The only way I can find it is by using 'search' and even then it takes several attempts and doesn't take me to the last page.


----------



## alicat (28 Mar 2020)

'Cos we've run out. You're welcome. I'll get me coat. 

More practically, you could make it a watched thread and then use the drop down arrow to find it.


----------



## derrick (28 Mar 2020)

Dave7 said:


> Its part of the General Chat section but if I scroll back 5 pages it still doesn't appear. Yet it is a popular section so theoretically it should be on page 1 ??
> The only way I can find it is by using 'search' and even then it takes several attempts and doesn't take me to the last page.


It may have been renamed.as people dont seem to now what a good joke is.🤣🤣


----------



## vickster (28 Mar 2020)

If you can’t find that one, plenty of other threads about jokes 
https://www.cyclechat.net/search/28...=1&c[nodes][0]=16&c[title_only]=1&o=relevance


----------



## Dave7 (28 Mar 2020)

alicat said:


> 'Cos we've run out.

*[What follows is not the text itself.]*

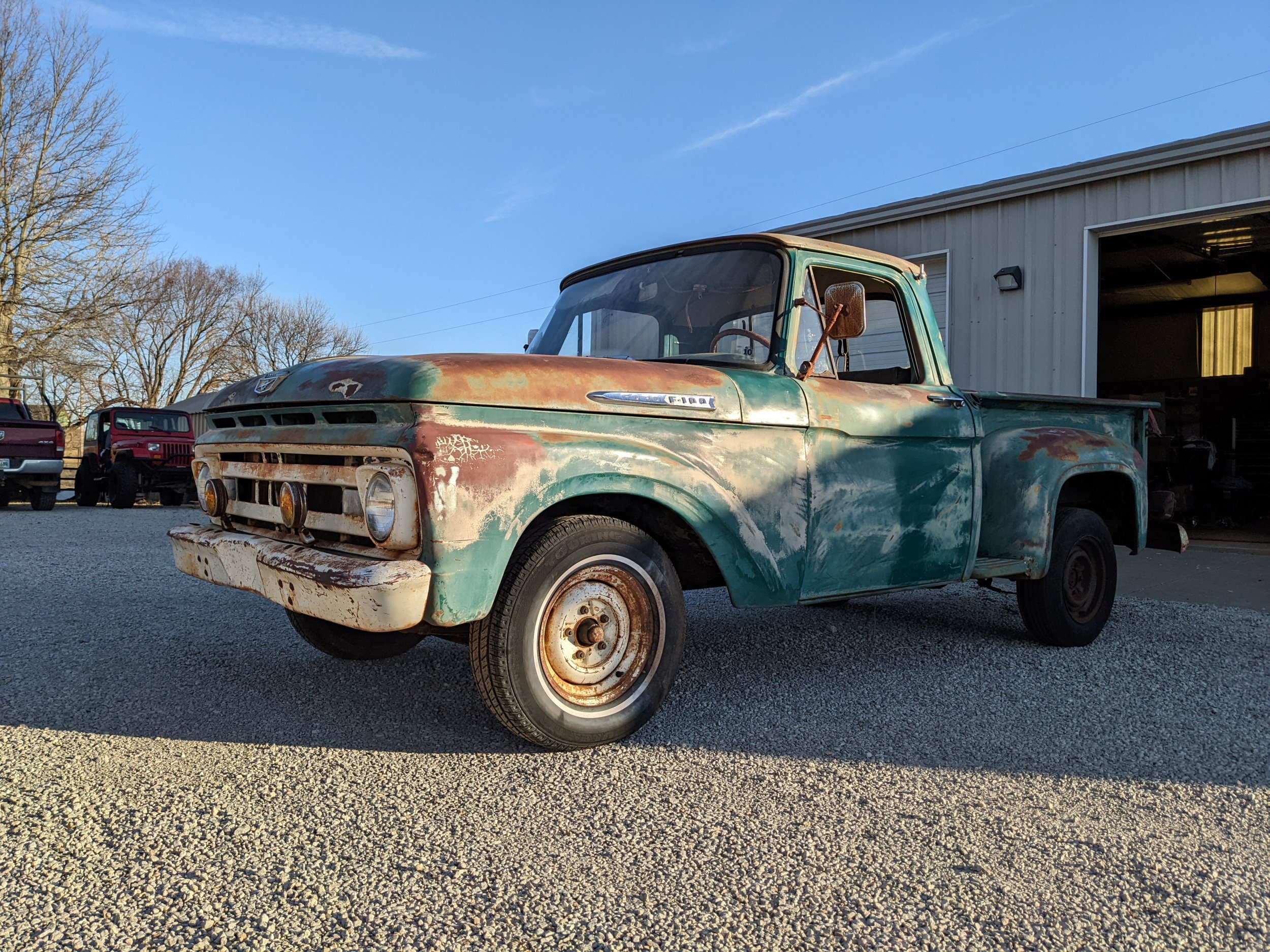 A couple of years ago I picked up a couple of F100s a 61 with a 223 and a 64 with a 292. The 292 was locked up (hood up, no air cleaner for years) and believe it or not it was in worse shape, rust through the roof, drip rails, etc so I sold it to help offset costs on the 61.

You're welcome. I'll get me coat.
> 
> More practically, you could make it a watched thread and then use the drop down arrow to find it.


I have never used the watched thread thingy......I will try that.


----------



## Mo1959 (28 Mar 2020)

Showing up for me ok.


----------



## Poacher (28 Mar 2020)

It's been closed temporarily so that the mods can go through it and remove duplicates.
Should just about halve the size.


----------



## Dave7 (28 Mar 2020)

Mo1959 said:


> Showing up for me ok.


How do you get to it ? Do you scroll down or search?


----------



## Dave7 (28 Mar 2020)

Poacher said:


> It's been closed temporarily so that the mods can go through it and remove duplicates.
> Should just about halve the size.


I think the duplicates are the best part as I often dont 'get it' the 1st time but after 3 or 4 reads it clicks


----------



## Mo1959 (28 Mar 2020)

Dave7 said:


> How do you get to it ? Do you scroll down or search?


If I go into the Cafe-General Chat and scroll down it's showing as around half way down the page for me.


----------



## Dave7 (28 Mar 2020)

Mo1959 said:


> If I go into the Cafe-General Chat and scroll down it's showing as around half way down the page for me.


1st page ?
What is it actually called on there?


----------



## Mo1959 (28 Mar 2020)

Dave7 said:


> 1st page ?
> What is it actually called on there?


https://www.cyclechat.net/threads/any-good-jokes.78142/page-823#post-5930513


----------



## Dave7 (28 Mar 2020)

Mo1959 said:


> If I go into the Cafe-General Chat and scroll down it's showing as around half way down the page for me.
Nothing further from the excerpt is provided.